(Extracted data entries)
--------------------

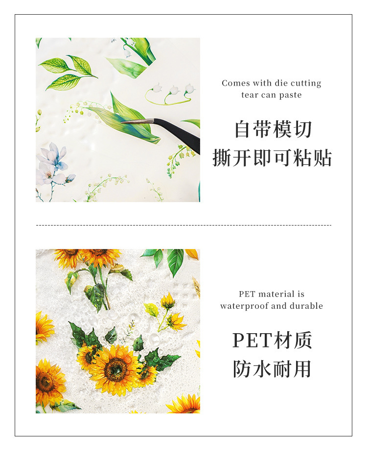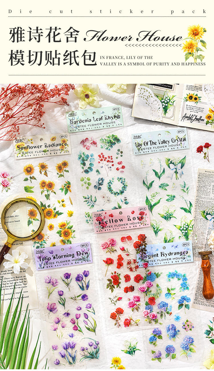 야시 꽃 집 시리즈 투명 방수 애완 동물 스티커 복고풍 식물 꽃 DIY 손 계정 장식 재료 콜라주
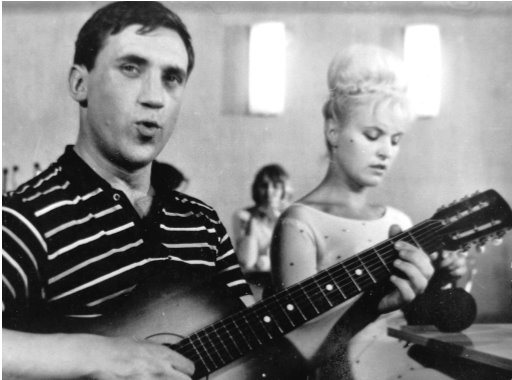 «В то время я была студенткой 4-го курса театрального училища имени Щукина. На тот момент я уже снялась у Гайдая (“Операция «Ы» и другие приключения Шурика”. – М. Ц.), ещё в двух-трёх фильмах… В это время в Москву приехал молодой и, как выяснилось потом, очень талантливый режиссёр Виталий Четвериков и предложил мне играть заглавную роль в своей картине «Саша-Сашенька». Это роль девушки-маляра, такой мечтательницы, выдумщицы, которая работает на стройке, но прорывается в массовку в кино, а потом рассказывает подругам, что её снимают в главных ролях. Такой образ советской девушки – очень чистой, нравственной. Замечательная роль! Четвериков уговаривал меня сниматься, а я сопротивлялась, потому что все мысли были только о Театре сатиры, куда меня брали, но всё-таки как-то так получилось, что он меня уговорил. В разговоре он мне сказал, что со мной будут сниматься актёры Театра на Таганке. Этот театр был создан на базе спектакля “Добрый человек из Сезуана”, и мы, студентки первого-второго курса, были свидетелями его создания. Для нас это было очень событийно – из стен нашего института вышел такой естественный, такой острый театр. Четвериков стал перечислять, кто будет сниматься. Я буду главной героиней, а в окружении меня – Золотухин, Нина Шацкая и Высоцкий. Честно говоря, в то время мне фамилия Высоцкого мало о чём говорила. Мне было тогда двадцать лет. Ну что мы знали тогда о Высоцком… В фильме он играл парня с гитарой, у него ещё и роли как таковой не было. Это говорит о многом, это говорит о том, что режиссёр не выписал ему линию, не создал ему характер…Мы пришли на перрон, они сели в своё купе, я – в своё, и мы поехали в Минск. Я ехала одна, меня они к себе не пригласили. Чувствовала я себя как-то не очень комфортно… Как я понимаю, через пятнадцать-двадцать минут там уже ели и пили, я слышала хохот, разговоры громкие. Тут я слышу, что кто-то достал гитару, заиграл и запел. Голос меня совершенно потряс, я влюбилась в этот тембр. Мне безумно хотелось постучаться к ним в купе и сказать: “Можно мне к вам?”, но было неловко. А хотелось просто сидеть и слушать эти песни, слушать этого парня с гитарой. Просто присутствовать хотелось, познакомиться лично. Я посидела в купе, потом вышла в коридор, стояла долго-долго у их двери. Слушала, слушала, но так и не постучалась. Прекратили они петь и веселиться часа в четыре утра. Утром мы приехали в Минск, нас встретили, мы поехали в разных машинах в гостиницу, а часа через два-три встретились уже в павильоне на “Беларусьфильме”. Начался первый съёмочный день. На Володе была, как сейчас помню, такая полосатая трикотажная рубашечка с синим воротничком. Он был совершенно очарователен, не выпускал из рук гитару. Тут уже у меня была возможность подсесть к нему и сказать, что я не спала и всю ночь слушала, как он поёт. Он так наивно мне говорит: “А чего ж ты не вошла? Пришла бы, села с нами…” Я ему как-то кокетливо сказала: “Ну меня же никто не приглашал”. Он мне что-то ответил, и у нас сразу возникли такие тёплые, дружеские отношения. Мне с ним общаться было значительно легче, чем с Золотухиным и Шацкой. В свободное время я всё льнула к нему. Я уже стала приходить вечером в комнату, где он пел, туда же приходил и режиссёр. Я, конечно, сидела и молчала. У меня был немножечко другой стиль жизни. Они уже были актёрами театра, а я была студ
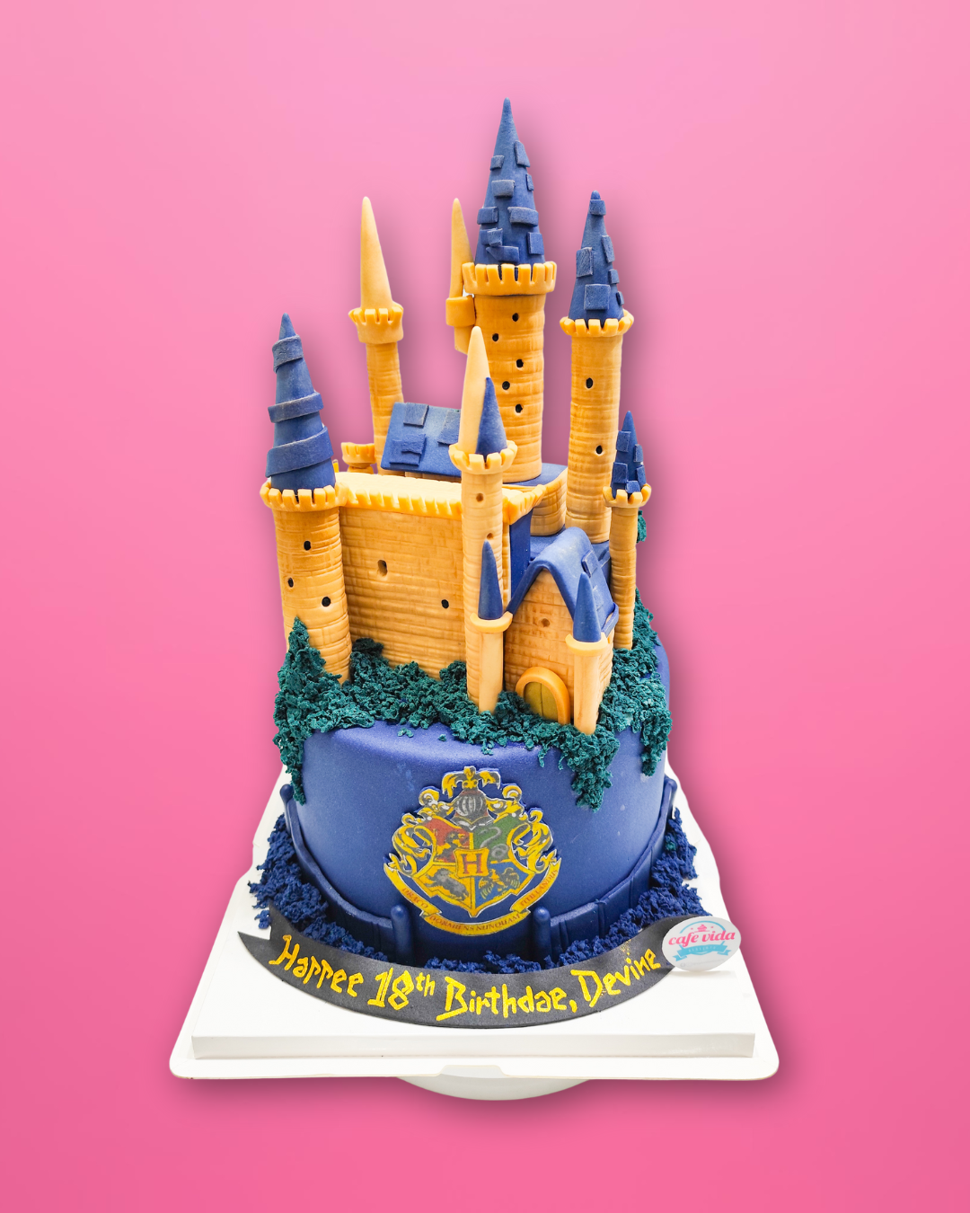 A magical two-tier cake shaped into a towering castle, complete with turrets and the Hogwarts crest for fans of fantasy adventures. Moist layers inside make it not just a showstopper, but a delicious one too—perfect for grand birthday celebrations.
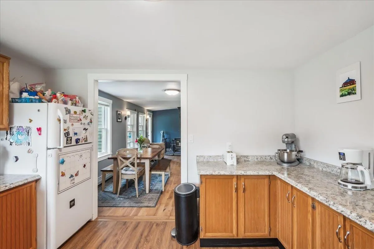 +"PublicRemarks": "Exquisite turn-of-the-century residence in coveted Montpelier location, tucked away at the edge of downtown with simply remarkable views of the State House Dome. Impeccably restored with utmost attention to detail. Enter through the stylish mudroom with slate flooring into the renovated kitchen, highlighted by Vermont marble counters, custom cabinets, Capital propane range, and a wood stove to gather round. Elegant dining and living rooms, showcasing original wood built-ins, pocket doors, window seating, and fireplace. Handsome front foyer. Convenient half bath and den with a second fireplace complete the first floor. The second floor boasts an en suite bedroom with a tiled shower and walk-in closet, a full bath with laundry, and two more bedrooms, one of which is grandly spacious, along with a small study/home office. Both levels feature gleaming hardwood & softwood floors. Walk-up attic provides excellent storage and solid potential for future expansion. Extensive upgrades include but not limited to full house electrical rewire, updated plumbing, metal roof with hand-cut copper work, copper gutters, rebuilt chimneys with custom copper caps, new insulation, and rebuilt and repointed period stonework on the cellar walls. The thoughtful renovations preserve the integrity and charm of this historic home and even the functional upgrades are works of art! Gracious front porch. Architecturally designed landscape with custom, local granite work, terraced yard, pathways, and plantings. Granite cobblestone driveway. Just a stone's throw from Hubbard Park trails, the Farmers Market, and the State House Lawn. Come see it to believe it."
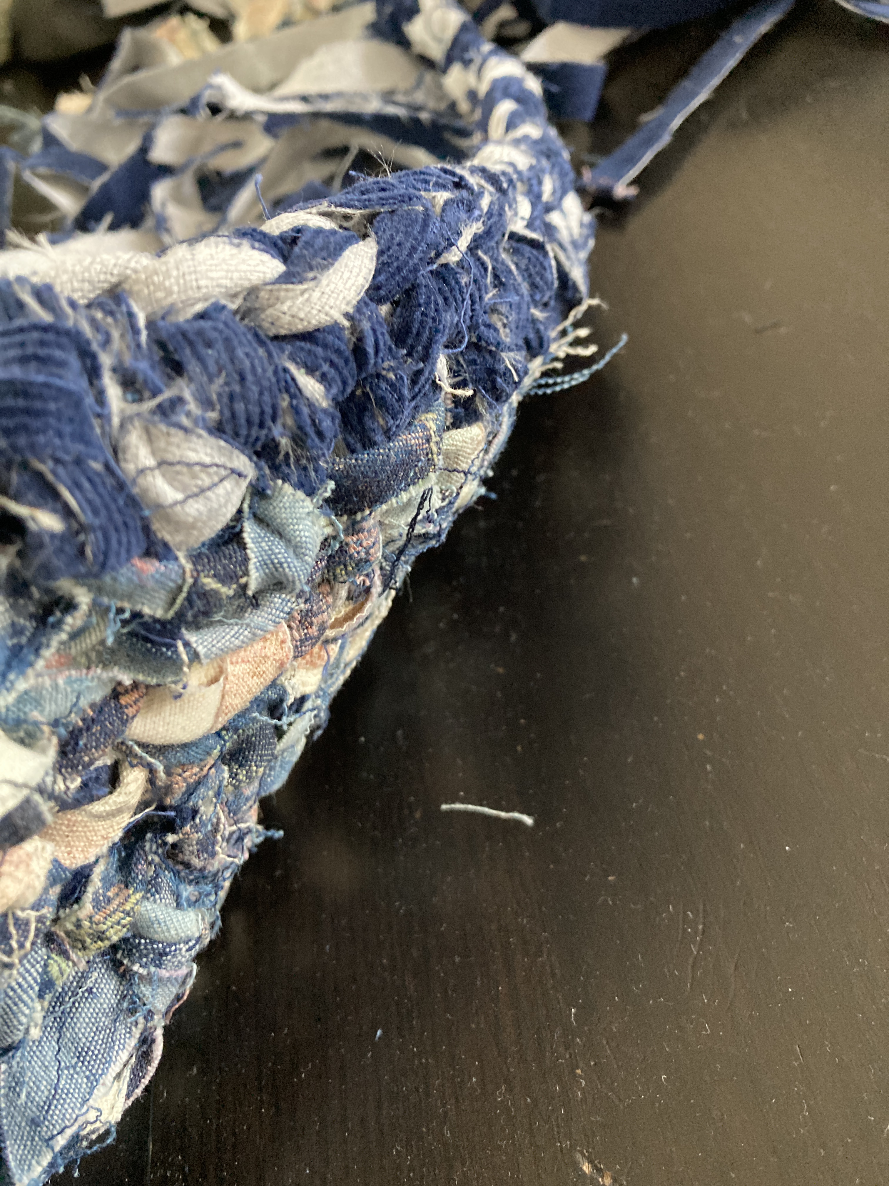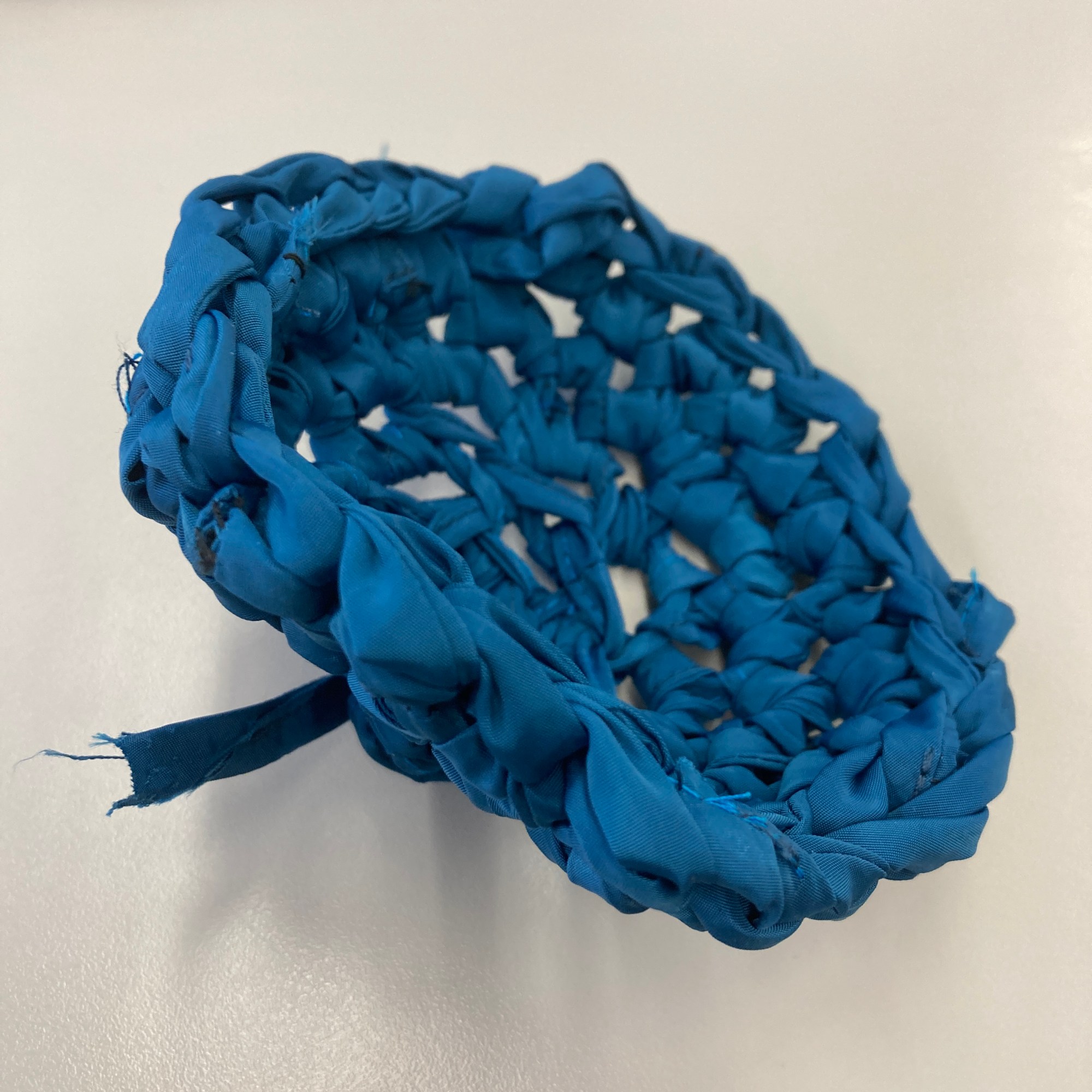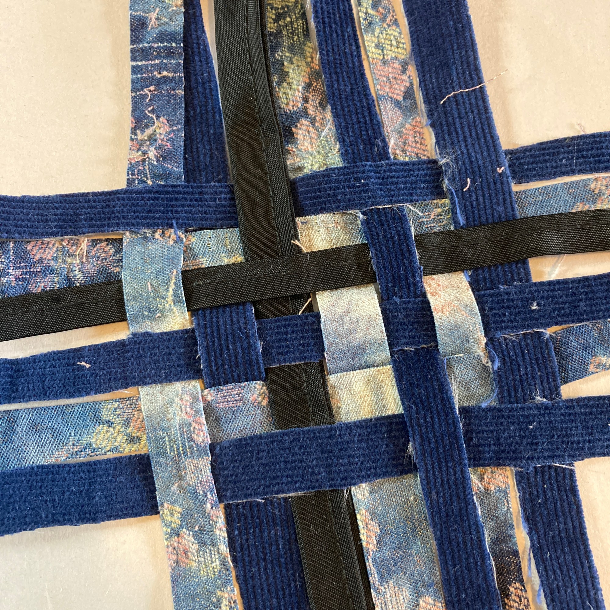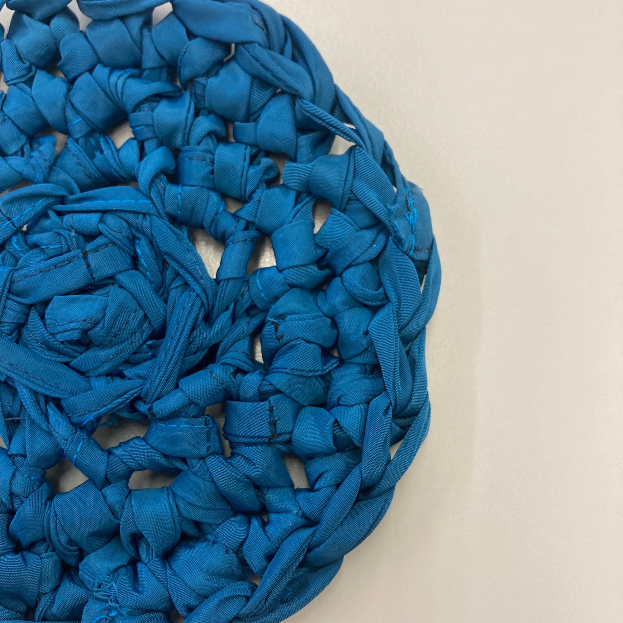 Starting with the bag’s base, I braided some denim strips, knotted them tightly at both ends to avoid sewing, and used them as warp. I then weaved corduroy strips as weft. I made the bag’s body using the crochet technique, starting with corduroy strips and finishing with the SHEIN tubes. As I crocheted using the SHEIN tubes, I decreased one stitch at the corners every round to create a slightly tapered lip. Next, I cut a rectangle of mesh scrap and sandwiched all the scraps, threads, and labels I collected from the process. I created an extension part with the machine embroidery/quilting technique. The cord draw collected from the SHEIN jacket was re-purposed as the bag’s closure. Finally, I attached the extension part to the body with the crochet technique.
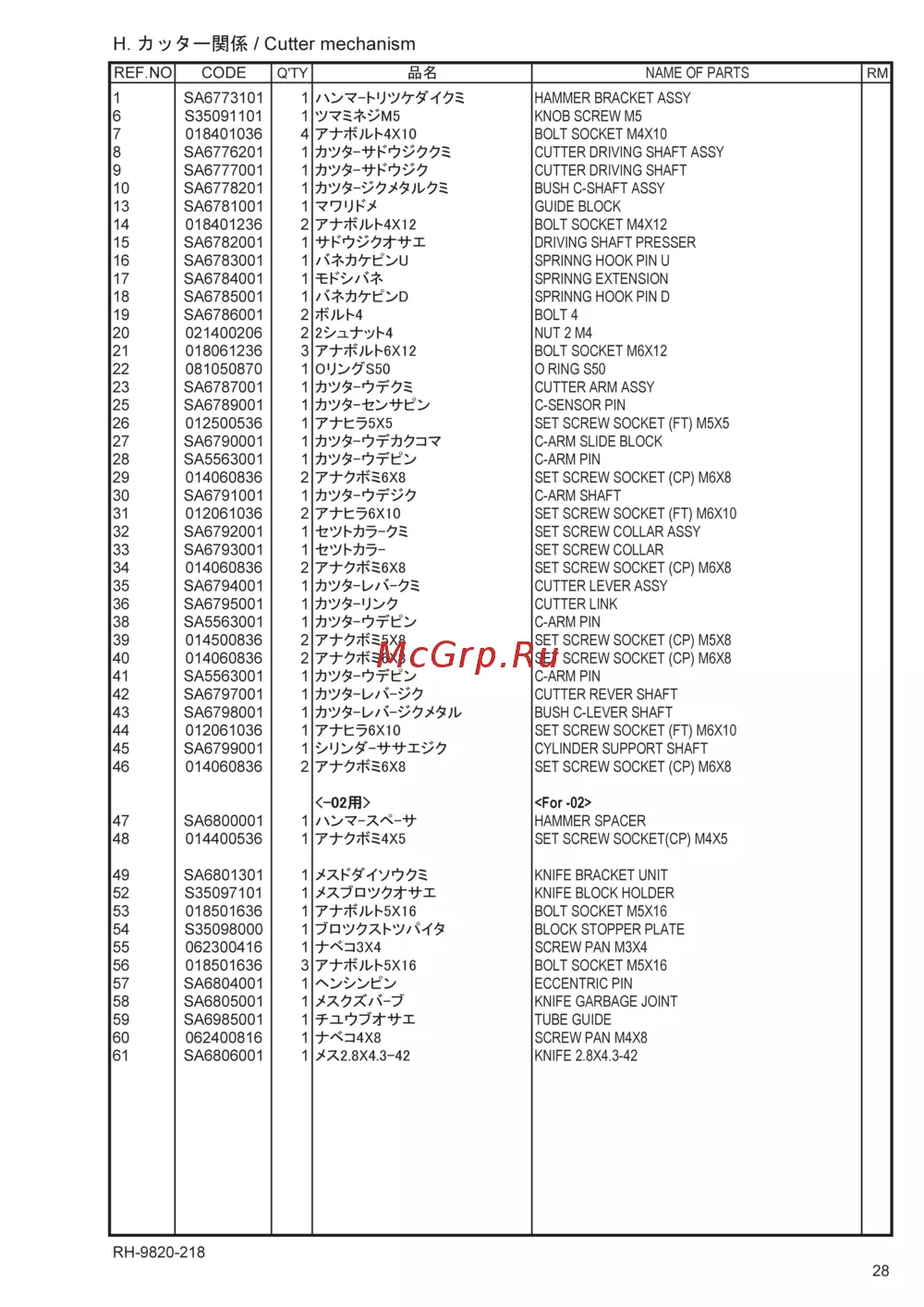 Brother RH-9820-01/02 [33/118] H cutter m echanism

--------------------

**Exercise description:**
From the first line to the last, repeat the records above exactly, leaving out the pictures.

**Solution for this problem:**
 야시 꽃 집 시리즈 투명 방수 애완 동물 스티커 복고풍 식물 꽃 DIY 손 계정 장식 재료 콜라주
 «В то время я была студенткой 4-го курса театрального училища имени Щукина. На тот момент я уже снялась у Гайдая (“Операция «Ы» и другие приключения Шурика”. – М. Ц.), ещё в двух-трёх фильмах… В это время в Москву приехал молодой и, как выяснилось потом, очень талантливый режиссёр Виталий Четвериков и предложил мне играть заглавную роль в своей картине «Саша-Сашенька». Это роль девушки-маляра, такой мечтательницы, выдумщицы, которая работает на стройке, но прорывается в массовку в кино, а потом рассказывает подругам, что её снимают в главных ролях. Такой образ советской девушки – очень чистой, нравственной. Замечательная роль! Четвериков уговаривал меня сниматься, а я сопротивлялась, потому что все мысли были только о Театре сатиры, куда меня брали, но всё-таки как-то так получилось, что он меня уговорил. В разговоре он мне сказал, что со мной будут сниматься актёры Театра на Таганке. Этот театр был создан на базе спектакля “Добрый человек из Сезуана”, и мы, студентки первого-второго курса, были свидетелями его создания. Для нас это было очень событийно – из стен нашего института вышел такой естественный, такой острый театр. Четвериков стал перечислять, кто будет сниматься. Я буду главной героиней, а в окружении меня – Золотухин, Нина Шацкая и Высоцкий. Честно говоря, в то время мне фамилия Высоцкого мало о чём говорила. Мне было тогда двадцать лет. Ну что мы знали тогда о Высоцком… В фильме он играл парня с гитарой, у него ещё и роли как таковой не было. Это говорит о многом, это говорит о том, что режиссёр не выписал ему линию, не создал ему характер…Мы пришли на перрон, они сели в своё купе, я – в своё, и мы поехали в Минск. Я ехала одна, меня они к себе не пригласили. Чувствовала я себя как-то не очень комфортно… Как я понимаю, через пятнадцать-двадцать минут там уже ели и пили, я слышала хохот, разговоры громкие. Тут я слышу, что кто-то достал гитару, заиграл и запел. Голос меня совершенно потряс, я влюбилась в этот тембр. Мне безумно хотелось постучаться к ним в купе и сказать: “Можно мне к вам?”, но было неловко. А хотелось просто сидеть и слушать эти песни, слушать этого парня с гитарой. Просто присутствовать хотелось, познакомиться лично. Я посидела в купе, потом вышла в коридор, стояла долго-долго у их двери. Слушала, слушала, но так и не постучалась. Прекратили они петь и веселиться часа в четыре утра. Утром мы приехали в Минск, нас встретили, мы поехали в разных машинах в гостиницу, а часа через два-три встретились уже в павильоне на “Беларусьфильме”. Начался первый съёмочный день. На Володе была, как сейчас помню, такая полосатая трикотажная рубашечка с синим воротничком. Он был совершенно очарователен, не выпускал из рук гитару. Тут уже у меня была возможность подсесть к нему и сказать, что я не спала и всю ночь слушала, как он поёт. Он так наивно мне говорит: “А чего ж ты не вошла? Пришла бы, села с нами…” Я ему как-то кокетливо сказала: “Ну меня же никто не приглашал”. Он мне что-то ответил, и у нас сразу возникли такие тёплые, дружеские отношения. Мне с ним общаться было значительно легче, чем с Золотухиным и Шацкой. В свободное время я всё льнула к нему. Я уже стала приходить вечером в комнату, где он пел, туда же приходил и режиссёр. Я, конечно, сидела и молчала. У меня был немножечко другой стиль жизни. Они уже были актёрами театра, а я была студ
 A magical two-tier cake shaped into a towering castle, complete with turrets and the Hogwarts crest for fans of fantasy adventures. Moist layers inside make it not just a showstopper, but a delicious one too—perfect for grand birthday celebrations.
 +"PublicRemarks": "Exquisite turn-of-the-century residence in coveted Montpelier location, tucked away at the edge of downtown with simply remarkable views of the State House Dome. Impeccably restored with utmost attention to detail. Enter through the stylish mudroom with slate flooring into the renovated kitchen, highlighted by Vermont marble counters, custom cabinets, Capital propane range, and a wood stove to gather round. Elegant dining and living rooms, showcasing original wood built-ins, pocket doors, window seating, and fireplace. Handsome front foyer. Convenient half bath and den with a second fireplace complete the first floor. The second floor boasts an en suite bedroom with a tiled shower and walk-in closet, a full bath with laundry, and two more bedrooms, one of which is grandly spacious, along with a small study/home office. Both levels feature gleaming hardwood & softwood floors. Walk-up attic provides excellent storage and solid potential for future expansion. Extensive upgrades include but not limited to full house electrical rewire, updated plumbing, metal roof with hand-cut copper work, copper gutters, rebuilt chimneys with custom copper caps, new insulation, and rebuilt and repointed period stonework on the cellar walls. The thoughtful renovations preserve the integrity and charm of this historic home and even the functional upgrades are works of art! Gracious front porch. Architecturally designed landscape with custom, local granite work, terraced yard, pathways, and plantings. Granite cobblestone driveway. Just a stone's throw from Hubbard Park trails, the Farmers Market, and the State House Lawn. Come see it to believe it."
 Starting with the bag’s base, I braided some denim strips, knotted them tightly at both ends to avoid sewing, and used them as warp. I then weaved corduroy strips as weft. I made the bag’s body using the crochet technique, starting with corduroy strips and finishing with the SHEIN tubes. As I crocheted using the SHEIN tubes, I decreased one stitch at the corners every round to create a slightly tapered lip. Next, I cut a rectangle of mesh scrap and sandwiched all the scraps, threads, and labels I collected from the process. I created an extension part with the machine embroidery/quilting technique. The cord draw collected from the SHEIN jacket was re-purposed as the bag’s closure. Finally, I attached the extension part to the body with the crochet technique.
 Brother RH-9820-01/02 [33/118] H cutter m echanism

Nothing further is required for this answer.